Sui social media si afferma inoltre che gli oratori invocano la creazione di un califfato islamico in Germania, riporta RT. I video mostrano uno degli oratori che definisce il califfato un «sistema che… fornisce sicurezza» ma che è «odiato» e «demonizzato» in Germania. La folla risponde conripetendo «Allahu Akbar».

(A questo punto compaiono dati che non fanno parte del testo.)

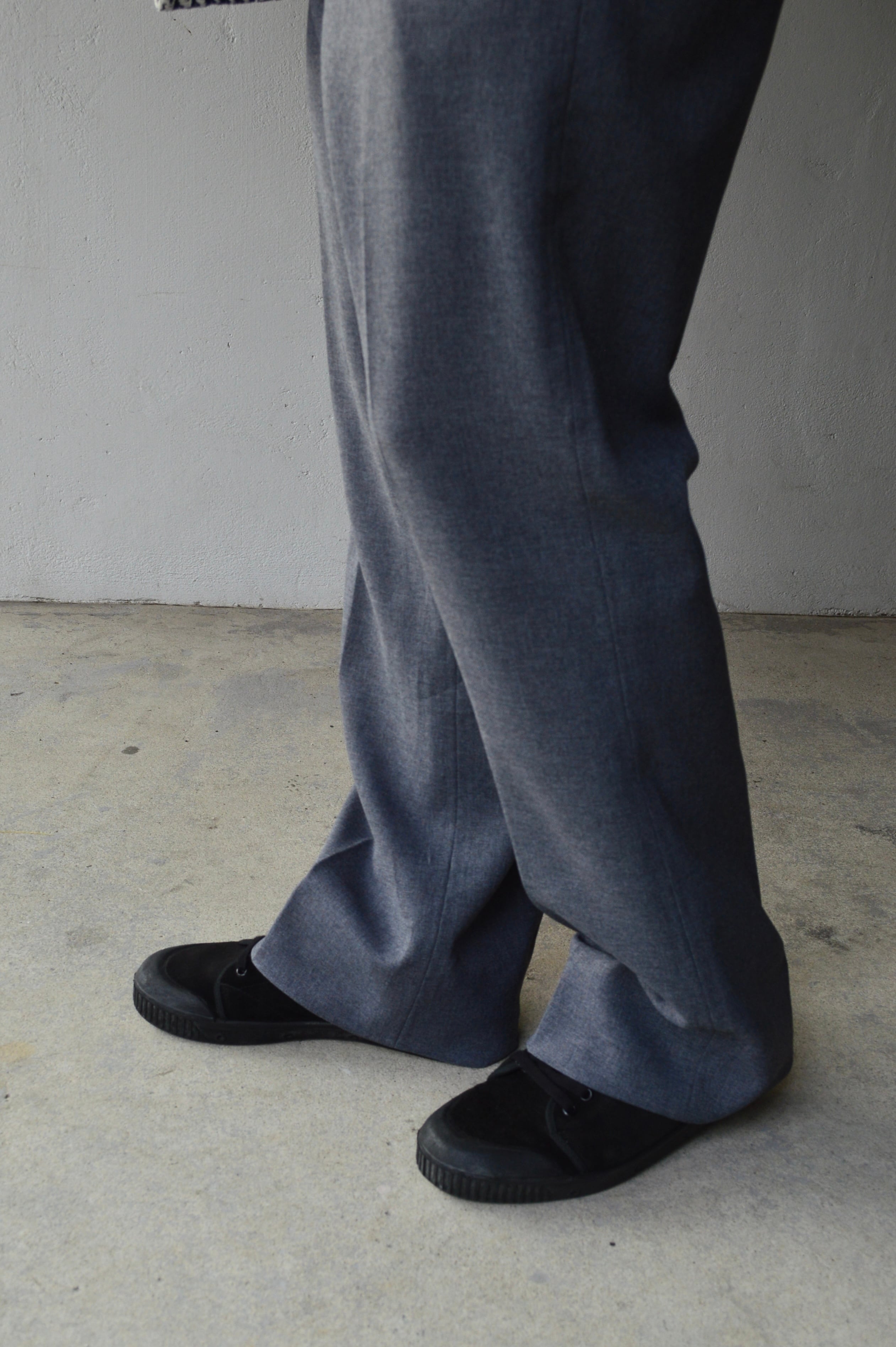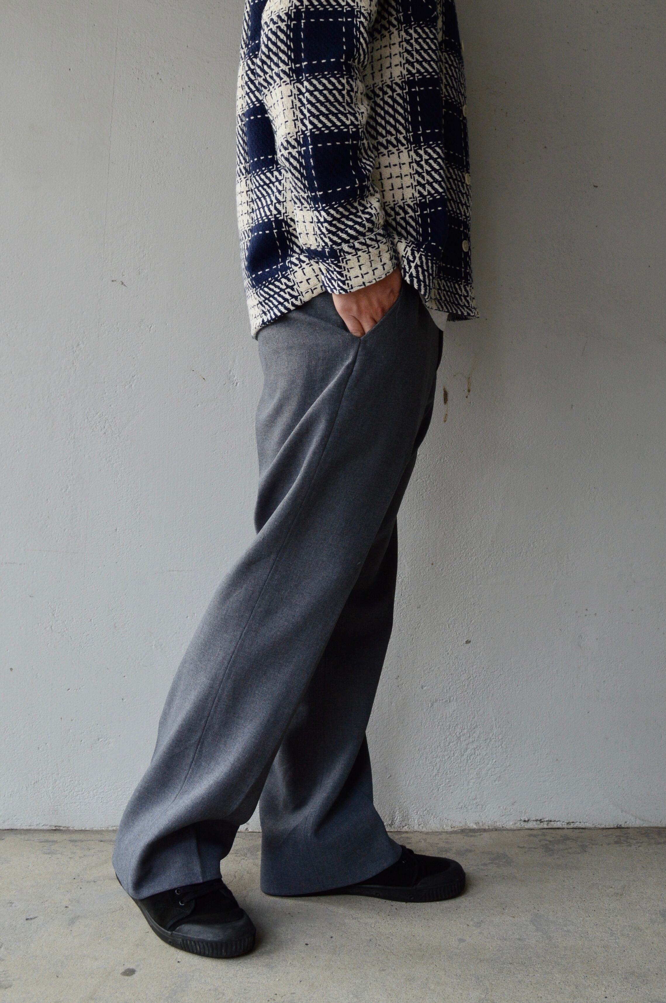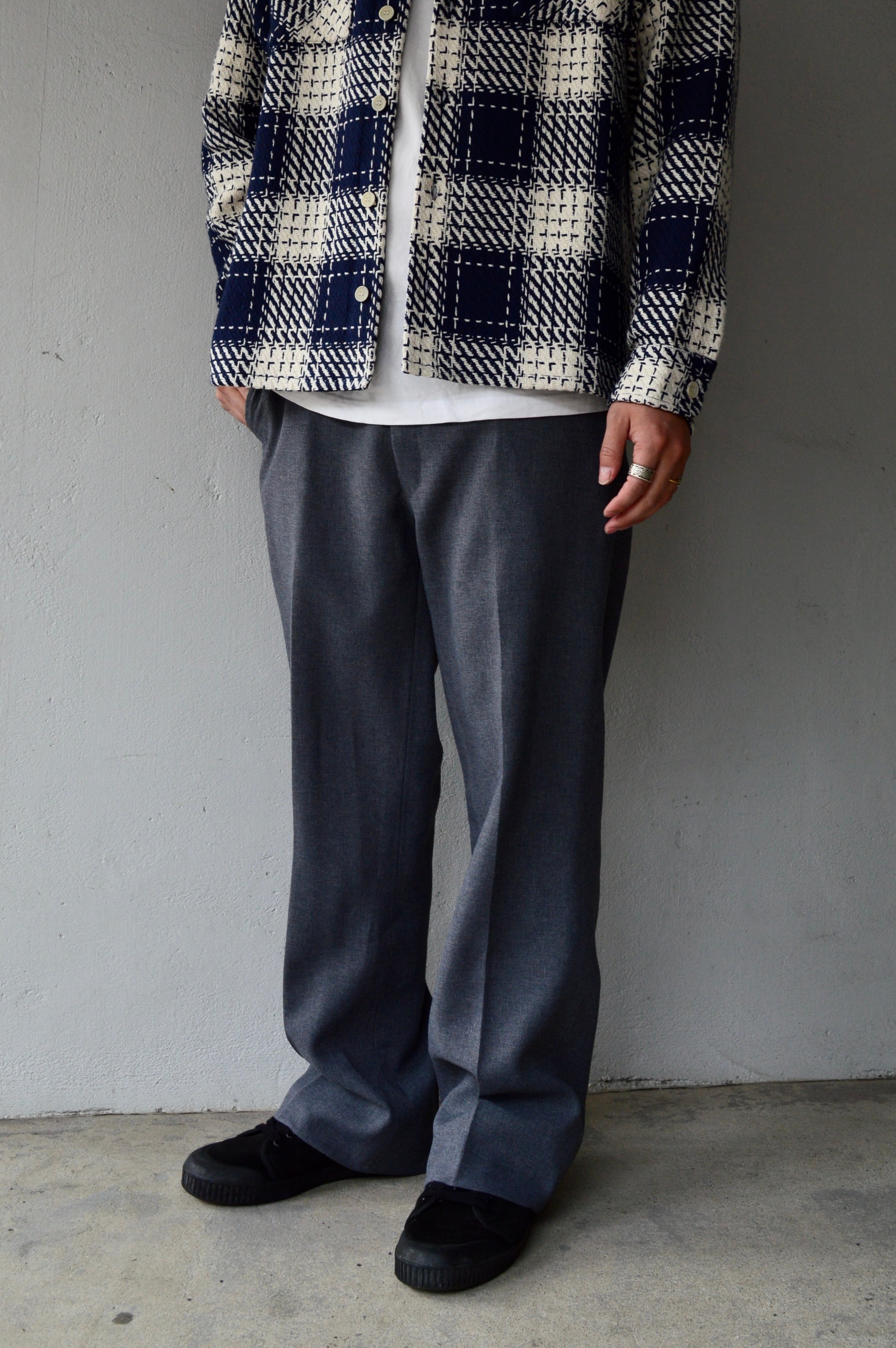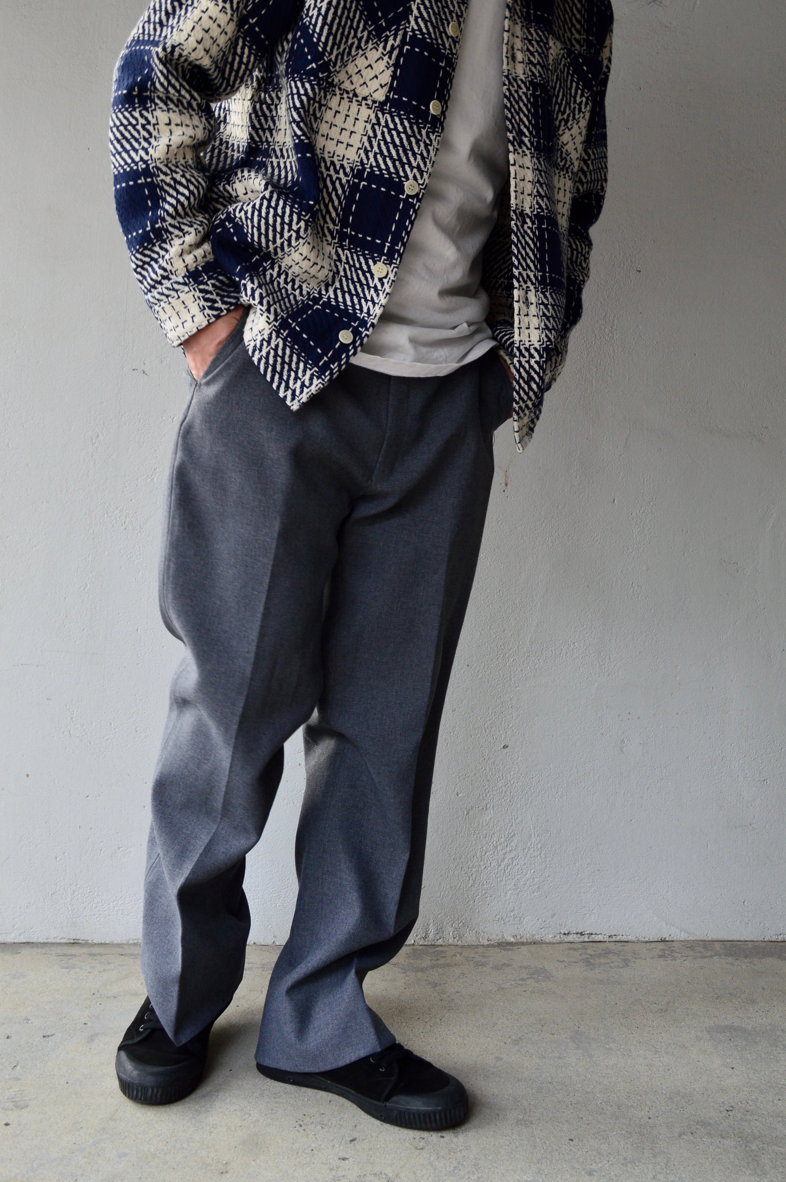 滑らかなポリスラックスになり、クラシックなセミフレア型の太めシルエット。
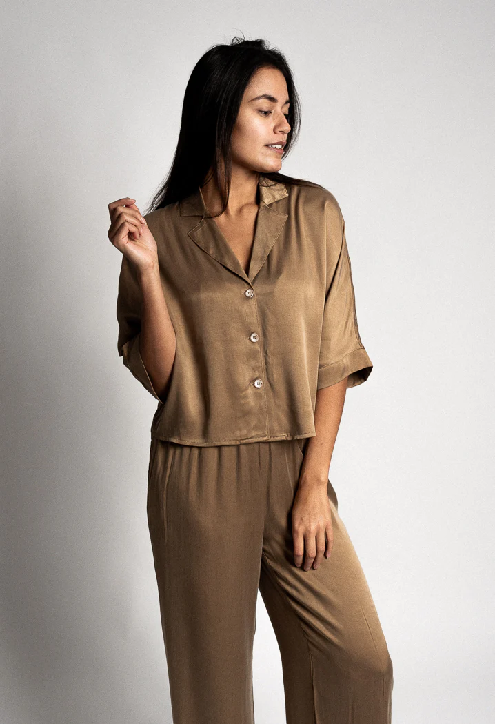 Hoe mooi is deze broek! Een prachtige soepel vallende stof met een subtiele glans. Gemaakt van 66% cupro (veganistische zijde) en 34% viscose. Op vele manieren te combineren, bijvoorbeeld met een bijpassende top of ga je juist voor contrast met een embroidered blouse of misschien een print? Het is aan jou!
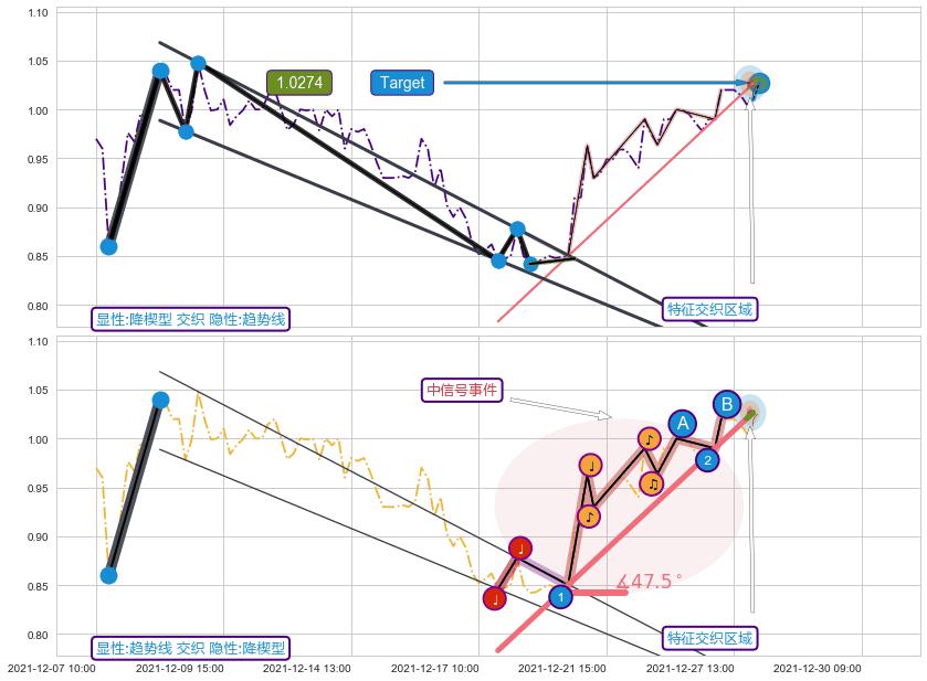 🍖 长线趋势跟踪组合短线均值回复[强支撑信号]2021-12-17 13:00-2021-12-27 15:00上升趋势依然成立(上涨趋势跟踪依然可行),短线价格略微下行回调(均值回复猜想),即将接近趋势提供的未破位的支撑价格:1.0265。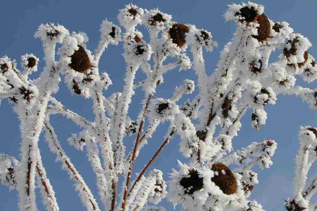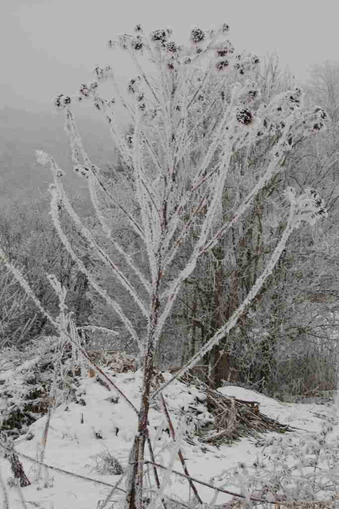 Heute kam seit mehreren Tagen zum erstenmal die Sonne wieder zum VorscheinSolch dicken Raureif hab ich noch nie gesehen.Diese Sonnenblume ist ca 3m hoch!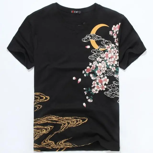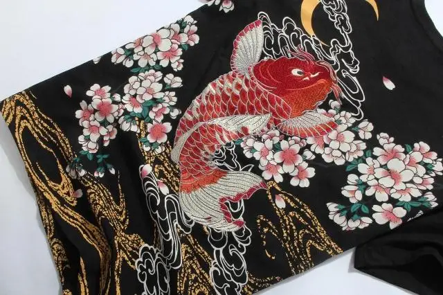 Футболка унисекс в японском стиле Ukiyoe, летняя Этническая футболка высокого качества с вышивкой карпа и рыбы, топы, модные футболки, Бесплатная доставка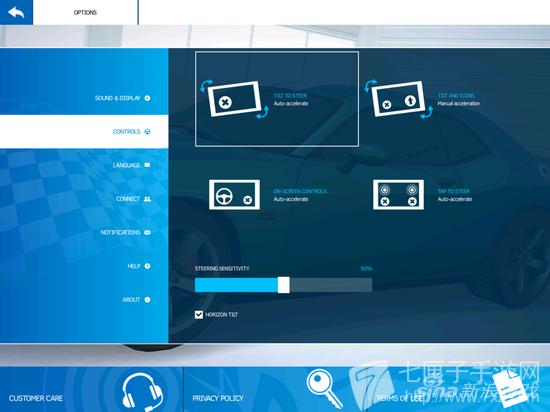 游戏为玩家提供了四种不同的操控方式,其中默认为重力感应+点击屏幕的形式,即依靠倾斜设备控制转向,通过点击屏幕实现刹车和释放氮气。玩家可以随时在设置菜单中进行操控方式的选择,以找到最适合自己的一种。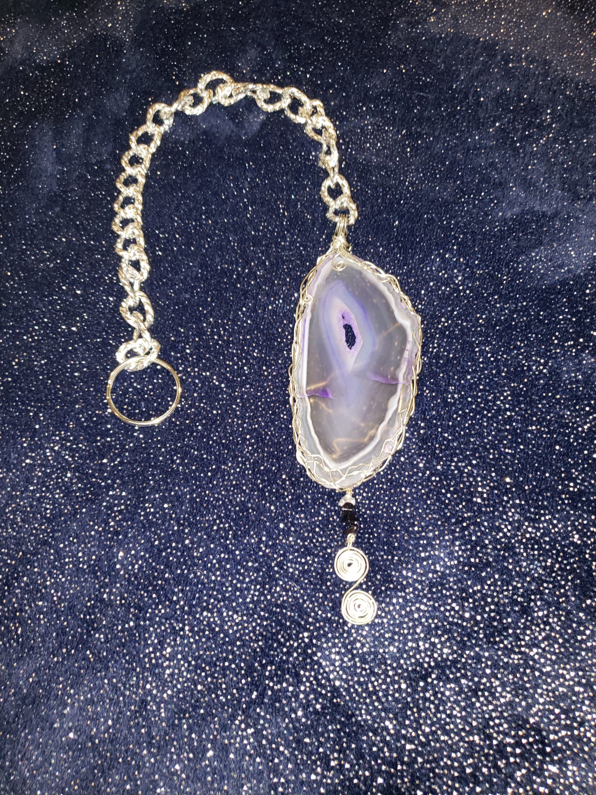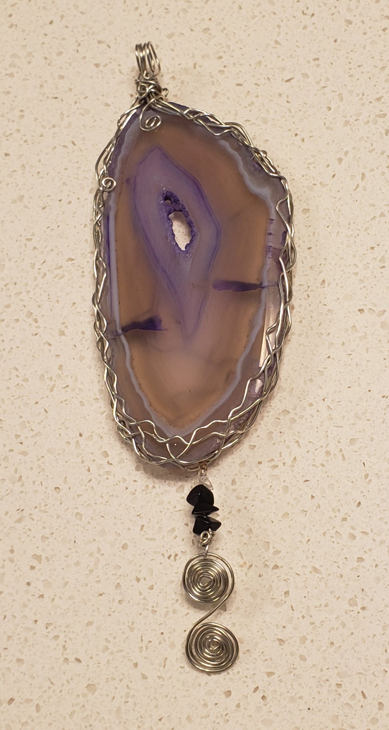 Suncatcher of Agate, silver metal wrapped with double spiral. Matching chain and hoop to be included.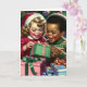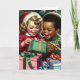 Cartão de Natal bonito com duas crianças alegres abrindo seus presentes na manhã de Natal.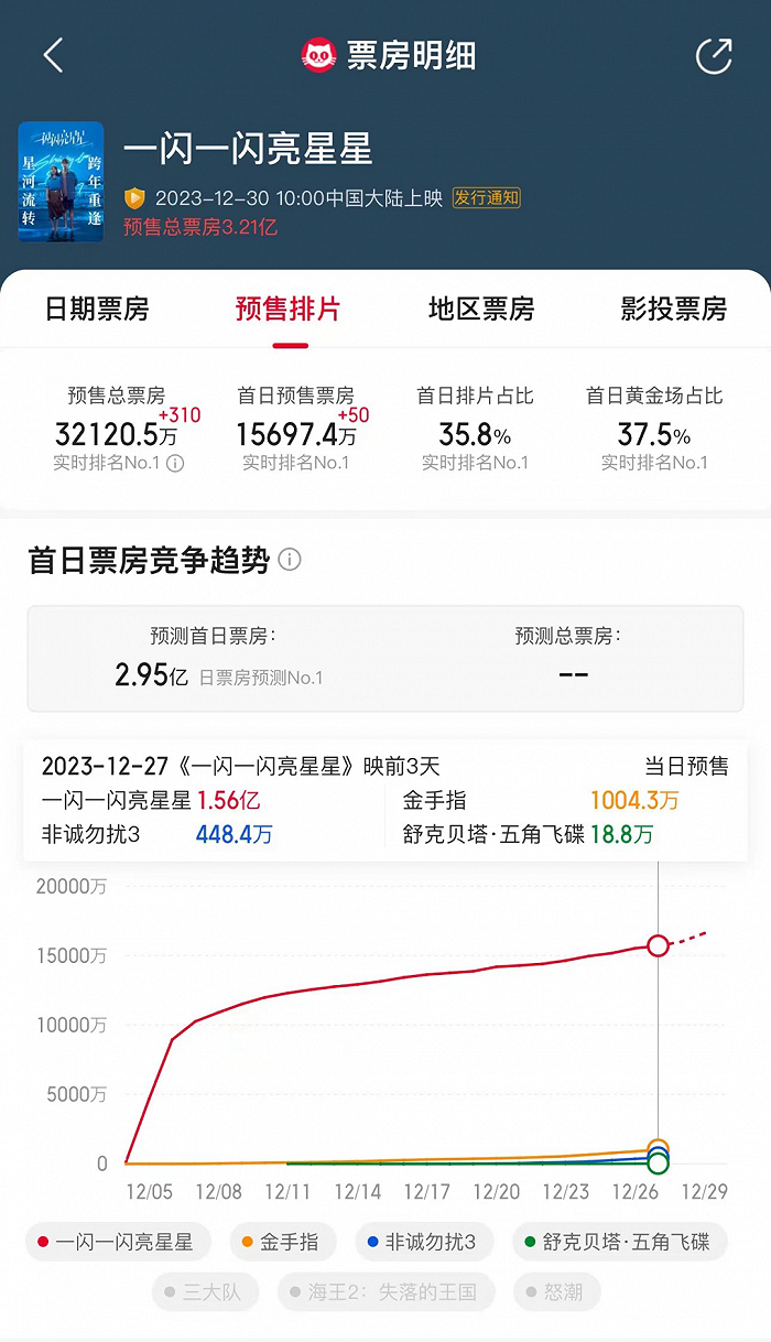 而还未上映的《一闪一闪亮星星》预售票房3.2亿,成为今年除了《前任4》外票房最高的爱情片。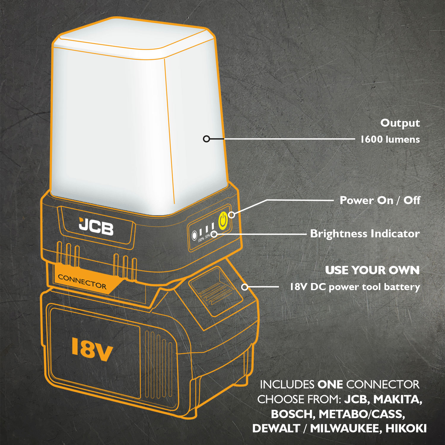 A tough and powerful 1600 lumen compact, bright area light designed for construction and trades. Powered Your Way – using your 18V tool battery, it offers flexibility and durability for any job.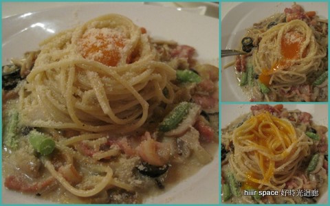 卡波那拿( 就是奶油培根蛋義大利麵) , 料很多 ..蛋黃拌開的那一剎那真迷人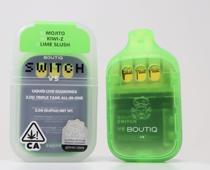 Refresh your senses with the Boutiq Switch V5 (2g) – Mojito x Kiwi-Z x Lime Slush. This triple-chamber disposable lets you switch between three zesty strains or mix them for a custom flavor combo. Expect bright citrus, tangy kiwi, and cool mint notes with smooth, potent vapor in a sleek, rechargeable device built for all-day enjoyment.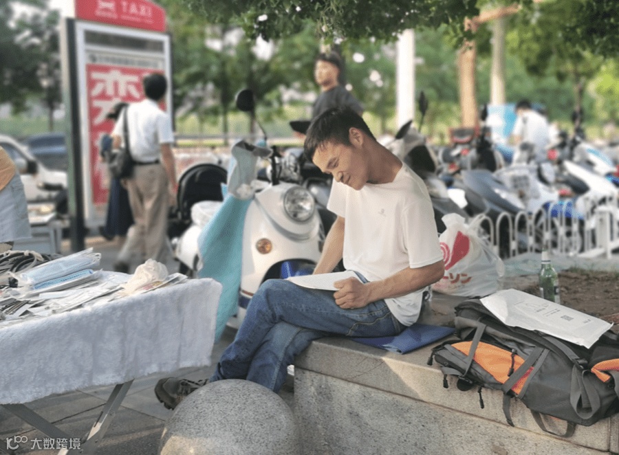不在残疾阴影里坠落,即使身处阴影里也要创造光明。他走起路摇晃的身体令人心疼,但他在闹市中摆摊营生、在车水马龙中读书的身影令人钦佩。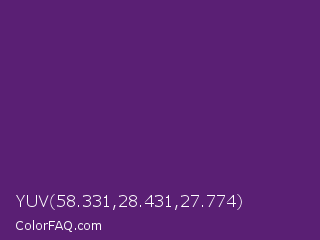 YUV 58.331,28.431,27.774 Color is a dark purple color and the nearest color is Honey Flower #4f1c70. Hex code #5a1f74 and RGB value is rgb(90,31,116). In RGB color space, this color is composed of 35% red, 12% green, 45% blue, In CMYK color space, this color is composed of 22% cyan, 73% magenta, 0% yellow , 55% black , In HSL color space, this color has a hue angle of 282° , 58% saturation and 29% lightness.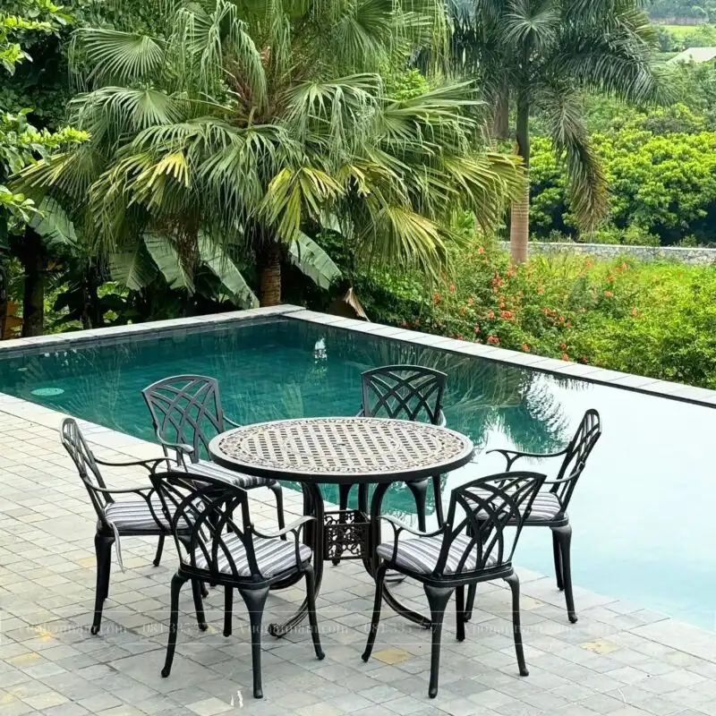 Được đồng điệu từ kiểu dáng đến màu sắc, hoa văn khắc họa tỉ mỉ giúp nổi bật không gian. Ngoài ra, chiếc ghế sở hữu kích thước mặt ngồi rộng rãi cùng tay vịn vững chắc, mặt ngồi cong nhẹ tạo cảm giác thoải mái cho người sử dụng. Mẫu bàn sân vườn có đường kính 100cm phù hợp cho những bữa ăn gia đình.

L’organizzatore della manifestazione è stato identificato dal quotidiano locale Hamburger Morgenpost come Joe Adade Boateng, 25 anni, cittadino tedesco e sedicente imam che diffonde quella che il giornale definisce «propaganda islamica» sui social media, compreso TikTok.
Secondo quanto riportato dai media, l’uomo è anche membro di Muslim Interaktiv, un’organizzazione ufficialmente designata dal Servizio di sicurezza nazionale (BfV) come «gruppo estremista affermato».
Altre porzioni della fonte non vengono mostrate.